▶ [Exercise directions]: Output the first line of the listing and each line after it, up to and including the line that contains "the gag order.", exactly as written, minus the pictures.

▶ [Data extract]:
■ ■ ■ ■ ■

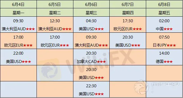 ●外汇黄金行情时间表6月4日-6月8日(重点行情)
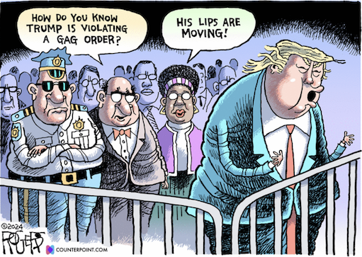 ● The coronavirus would disappear on its own, along with pitching bogus cures;Trump, unchecked, has been free to repeat those lies over and over again, even when the falsehood has been thoroughly exposed and his claims debunked. So it was refreshing to read that Judge Merchan was having none of that in court in Manhattan Friday morning. On Thursday, Trump lied, telling a gathering of reporters outside of the courtroom where he is on trial that he would not be able to take the stand and testify in his own defense, because of the gag order imposed by Judge Merchan. Of course, that’s a lie. Trump has been promising he would testify—perhaps he was looking for a way to walk that back as the reality of being on trial settled in. But Trump was peddling trash in classic fashion, blaming the Judge and lying about the gag order.
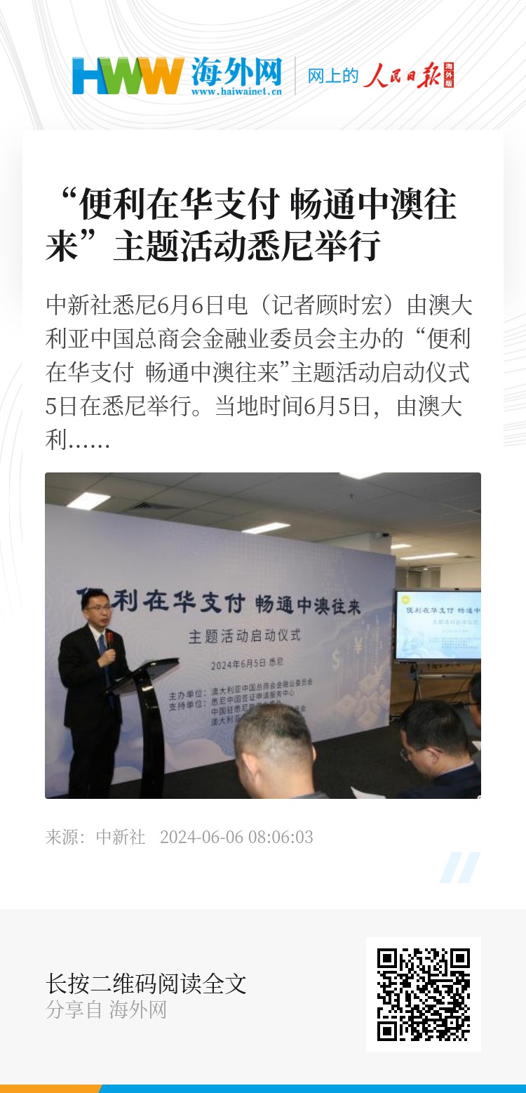 中新社悉尼6月6日电(记者顾时宏)由澳大利亚中国总商会金融业委员会主办的“便利在华支付 畅通中澳往来”主题活动启动仪式5日在悉尼举行。

■ ■ ■ ■ ■

▶ [Solved exercise]:
 ●外汇黄金行情时间表6月4日-6月8日(重点行情)
 ● The coronavirus would disappear on its own, along with pitching bogus cures;Trump, unchecked, has been free to repeat those lies over and over again, even when the falsehood has been thoroughly exposed and his claims debunked. So it was refreshing to read that Judge Merchan was having none of that in court in Manhattan Friday morning. On Thursday, Trump lied, telling a gathering of reporters outside of the courtroom where he is on trial that he would not be able to take the stand and testify in his own defense, because of the gag order imposed by Judge Merchan. Of course, that’s a lie. Trump has been promising he would testify—perhaps he was looking for a way to walk that back as the reality of being on trial settled in. But Trump was peddling trash in classic fashion, blaming the Judge and lying about the gag order.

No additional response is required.